Her question seemed very interesting as a number of startup founders being "promoted" to the chairman's position once the company started becoming big business. A new CEO would eventually be hired, usually from a "more" process driven company to take his place. In a nutshell, the question that required attention was – What changes when a startup transforms into a corporation? Let's look at the answers.
The Shift in the Type of Customer
Thought it might seem linear and simple, but a firm's transformation from a small startup to a larger company involves a lot more managerial efforts than just administering sales. The growing numbers require embracing an extensive customer base beyond the early adopters. Geoffrey Moore, a management consultant, in his seminal work on "Technology adoption life cycle" has elaborated on how early stage ventures need to "cross the chasm" and move towards the mainstream market.
Technology Adoption Life Cycle Curve by Geoffrey Moore
As Mrs Sharma's startup aligns its minimum viable product and starts testing its model in the market, it meets the first set of customers called early adopters. These customers are technology enthusiasts and visionaries who believe in the potential of the product. Not only are they interested in an unfinished product, but these set of customers are also even willing to assemble the product based on their needs. These guys become evangelists of the product and help market it in their ecosystems. Typically, quality early adopters bring great value to a firm as they guide the founders towards mainstream customers.
The next sets of customers, the mainstream market, are high volume buyers that represent a real demand. This set will bring in the required sales numbers and scale to Mrs Sharma's company. These people are extremely practical in their buying behaviour and compare you with the existing competition or alternatives before indulging further. Once you display a clear value proposal vis-à-vis the ownership costs, your product is good to go. But having said that, these buyers are extremely demanding and will push you to innovate and calibrate as you move towards a bigger pie of their attention.
The Evolving Style of Management
As Mrs Sharma's company moves from early adoption to mainstream market, her entrepreneurial management style needs to be succeeded, by a process-oriented management style that brings in the necessary culture and organizational structure. But this step should not be confused with the ideology that everything needs to "go by the books." The mainstream market has its own set of uncertainty and an innovative ethos will always follow suit.
Though both, Startup chaos and corporate rigidity, are very important in their scope of time for company building, the objective, here or rather now, is to create an organization that land exactly in between the chaos and the rigidity to bring predictable and repeatable success. Hence to bring in the optimized agility with a much larger group of people, it is imperative to embrace a process driven management that promotes innovation and synergy among departments bridging any bureaucratic outsets.

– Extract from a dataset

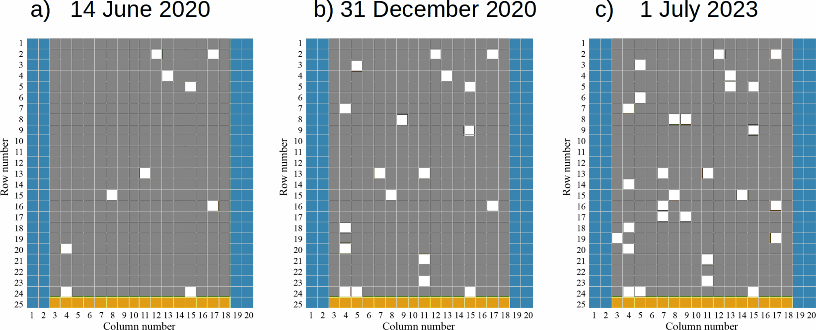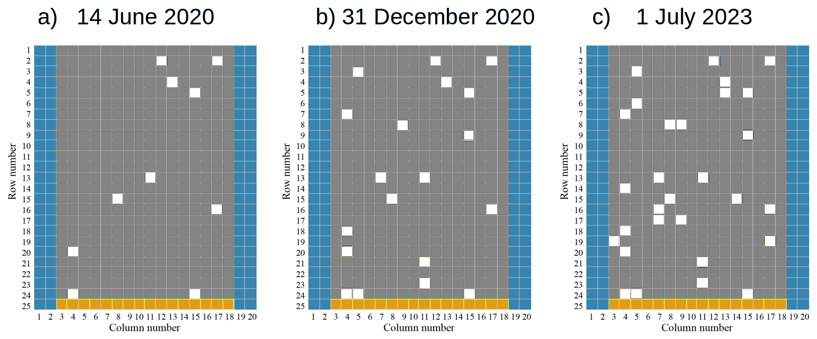 It has been known since the early days of the Aeolus mission that certain pixels of the detector are damaged by cosmic particles and that the number of these pixels almost linearly increases over the mission's lifetime (Weiler et al., 2021). We discard the hot pixels following the hot pixel map of the 31 December 2020 (Fig. A2), which corresponds to the end of the period that we considered in our study. Once the hot pixel is discarded, we apply a “sliding fit” approach (Goldberg et al., 2013; Feofilov and Stubenrauch, 2019) adapted to Aeolus (Feofilov, 2021), which considers the theoretical shape of the Mie backscatter spectrum. In this approach, a predefined spectral shape function is systematically shifted across each row of the Mie channel detector to find the optimal fit that minimizes the difference between the observed and theoretical spectral profiles, thereby simultaneously determining the Mie peak center frequency and reconstructing the complete spectral radiance values.

Building Fast-Response Teams
While dealing with early adopters, Mrs Sharma had created functional departments that would respond to customers, competitors and market opportunities. Moving ahead towards mainstream customers, she would have to turn those departments into fast-response teams to implement decisions consistently faster that would lead to a tremendous, often decisive, advantage. And to do that, her company needs to follow an agile-decentralized decision making management system.
Since, in most cases, the employees who are at the point of decision understand the true situation better than the "executive leader," it is dangerous for a small company to go for a formal, upward centralized decision-making process. Speed, here, would mean reducing the time needed to make decisions and to incorporate feedback. And the aim would be to be faster than your competitors or cash burn rate, taking real advantage of timing.